21st Mayor of Missoula
- In office July 16, 1911 – May 6, 1912
- Preceded by: William Henry Reid
- Succeeded by: James M. Rhoades

Personal details
- Born: John Morgan Evans January 7, 1863 Sedalia, Missouri, U.S.
- Died: March 12, 1946 (aged 83) Washington, D.C., U.S.
- Resting place: Missoula Cemetery
- Party: Democratic
- Education: United States Military Academy University of Missouri

= John M. Evans (Montana politician) =

American politician

John Morgan Evans (January 7, 1863 – March 12, 1946) was an American Democratic politician.

==Biography==
He was born in Sedalia, Missouri. Evans went to the United States Military Academy and then graduated from University of Missouri. He studied law and practiced law in Missoula, Montana.
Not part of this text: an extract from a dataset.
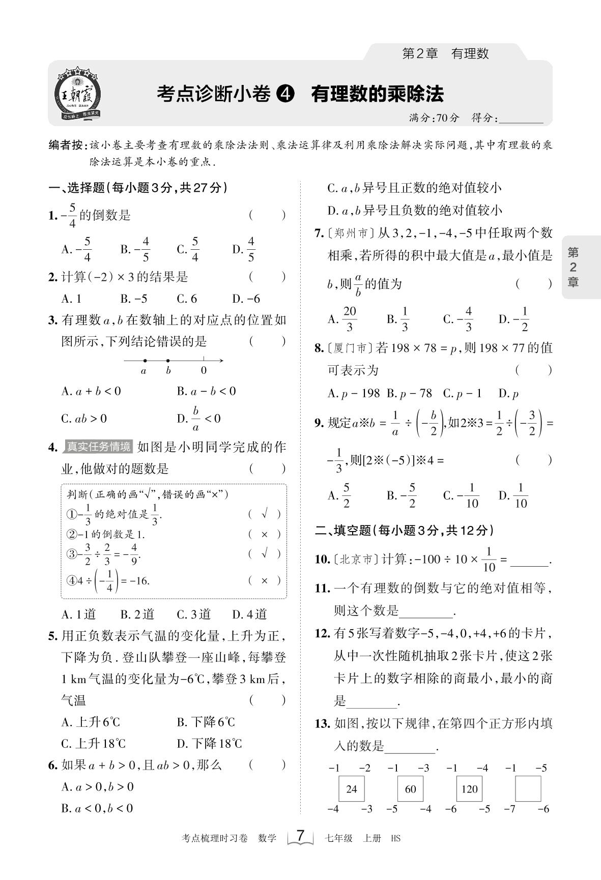 2023上册七年级数学华师版 第2章 考点诊断小卷4 有理数的乘除法
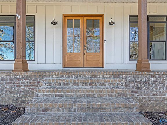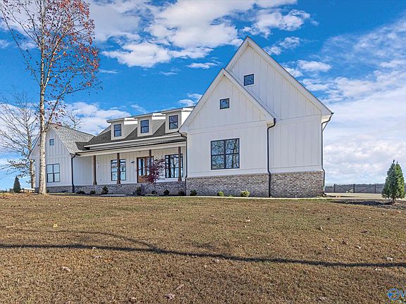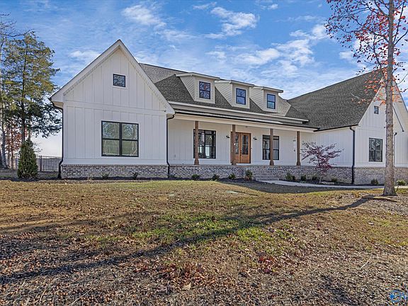 Enjoy spectacular views from every room in this modern farmhouse custom home! Featuring an open concept floor w/ isolated master suite- which offers a LUXURY experience. Enjoy seeing the waterfall during the wet season from your shower! The master closet is MASSIVE (11x12) includes an island..and to top it off, it's connected to the large laundry room! Walk in pantry offers tons of storage, farmhouse sink with a VIEW! Covered backporch w fireplace perfect for entertaining! Land continues down the bluff for another 2 acres, so when the outdoors call your name off you go! All of this and you are only 10 minutes from the amenities of South Huntsville! Too much to list! Must see for yourself!

Evans was judge of the police court, register of the United States Land Office, and served as Mayor of Missoula, Montana. He was elected as a Democrat to the United States House of Representatives from Montana and served from March 4, 1913, to March 4, 1921. He was defeated in his bid for re-election in 1920, but regained his seat in the 1922 election and served from March 4, 1923, to March 4, 1933. He died in Washington, D.C.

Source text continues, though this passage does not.